Море Дирака
Шрифт:
— Эти лампочки похожи на глаза больной обезьяны. Помнишь, в зоопарке?
Он удивился точности этой странной ассоциации и с радостным удивлением вновь ощутил, что ему приятно быть рядом с нею. Им овладел тот особенный душевный подъем, который наступает в преддверии праздника или какой-то очень большой удачи.
— Ты знаешь, что тебе вкатили выговор?
Он вздрогнул и медленно повернулся к ней. На фоне бледного невеселого неба она казалась темной тенью. Поблескивали белки ее глаз. Как-то разом исчезло все: радостное волнение, ожидание,
— Плевать я хотел на этот выговор!
— Это тебе Иван подстроил. У-у, мерзкий человек! Ненавижу!
— Поговорим о чем-нибудь другом. Как насчет холеры в Одессе?
— Чего?
— «Поговорим лучше о чем-нибудь веселом. Что слышно насчет холеры в Одессе?» Это из Шолом Алейхема.
— А-а-а…
— Пересказанная шутка тускнеет, как плохо пересаженные цветы.
— Это тоже… откуда-нибудь?
— На сей раз, кажется, это лично от меня. Ты следишь за прибором?
— Конечно… Только стрелочка не шелохнется, как мертвая.
Он увеличил ток в сверхпроводнике и попытался сосредоточить мысли на опыте. Но почему-то вспомнил, как неслись по желтому небу лиловые облака. Потом он подумал, что все-таки напрасно не написал директору объяснительную записку. Впрочем, это успеется и завтра.
— Ой! Прыгнула! На целых два деления прыгнула!
— Что? Не может быть! Это же на два порядка ниже упругости паров!
Он вскочил и хотел было кинуться к стенду, но почему-то представил себе, что протягивает ей руки и кружит ее по комнате.
Он медленно опустился на стул, с удивлением ощущая, как колотится его сердце.
— Не понимаю, что означает и прибор и стрелка, но чувствую, что это очень здорово! Не надо никакого цирка, Миша. Я хочу остаться здесь, с тобой. Возьми меня к себе в лаборантки.

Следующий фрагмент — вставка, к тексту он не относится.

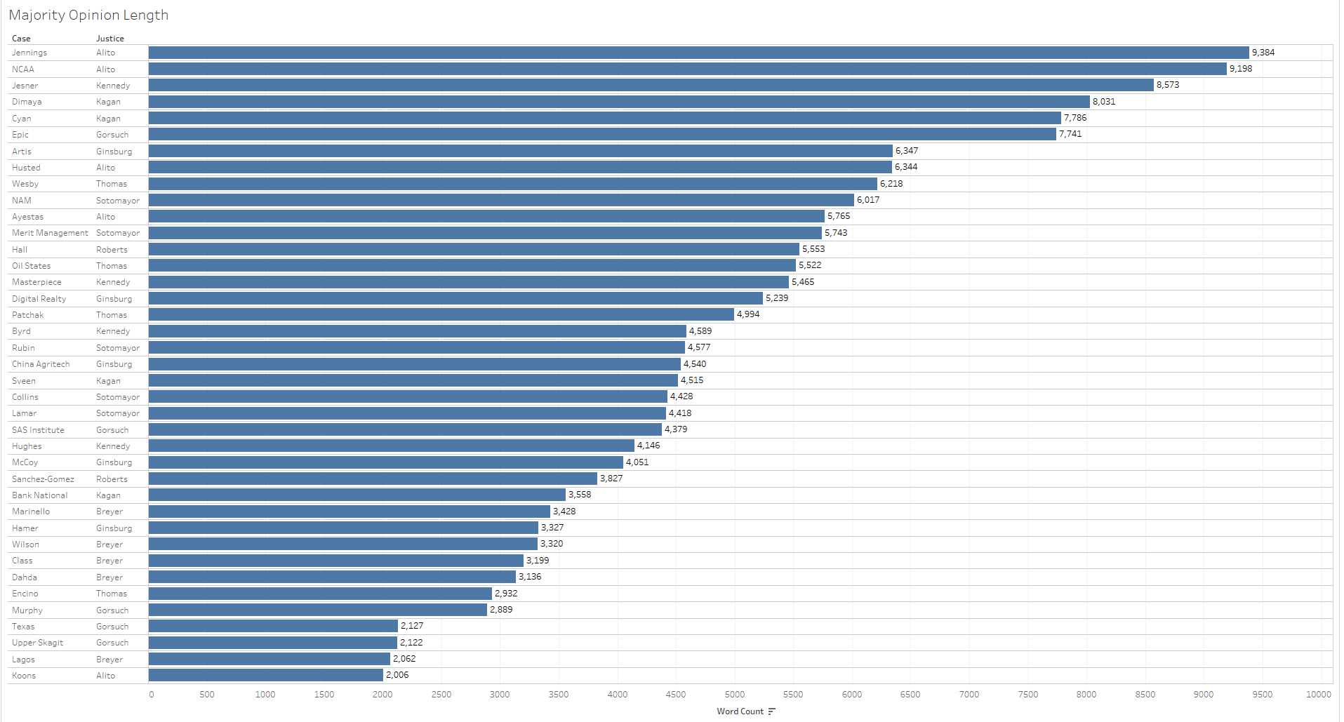 Alito, for instance, not only wrote the longest majority opinion in Jennings and the second longest in Murphy v. National Collegiate Athletic Association, but he also wrote the shortest majority opinion in Koons v. United States. Justice Elena Kagan, who has authored some of the lengthiest opinions in recent terms, authored the fourth and fifth longest majority opinions so far this term with Sessions v. Dimaya and Cyan Inc. v. Beaver County Employees Retirement Fund. The highly anticipated decision in Masterpiece Cakeshop v. Colorado Civil Rights Commission turned out to fall in the middle of opinion length so far this term with 5,465 words.

— Скоро нас обоих попрут отсюда в шею, не спрашивая о наших желаниях.
— Да, — сокрушенно согласилась она. — Так оно, наверное, и будет. Но… неужели всегда побеждает несправедливость? Ведь это ужасно несправедливо!
— Успокойся. И не вздумай здесь плакать. Следи лучше за прибором.
В сгущающейся темноте поползло время. Они следили за приборами, отгородись друг от друга молчанием, уйдя в невыразительные, грустные мысли.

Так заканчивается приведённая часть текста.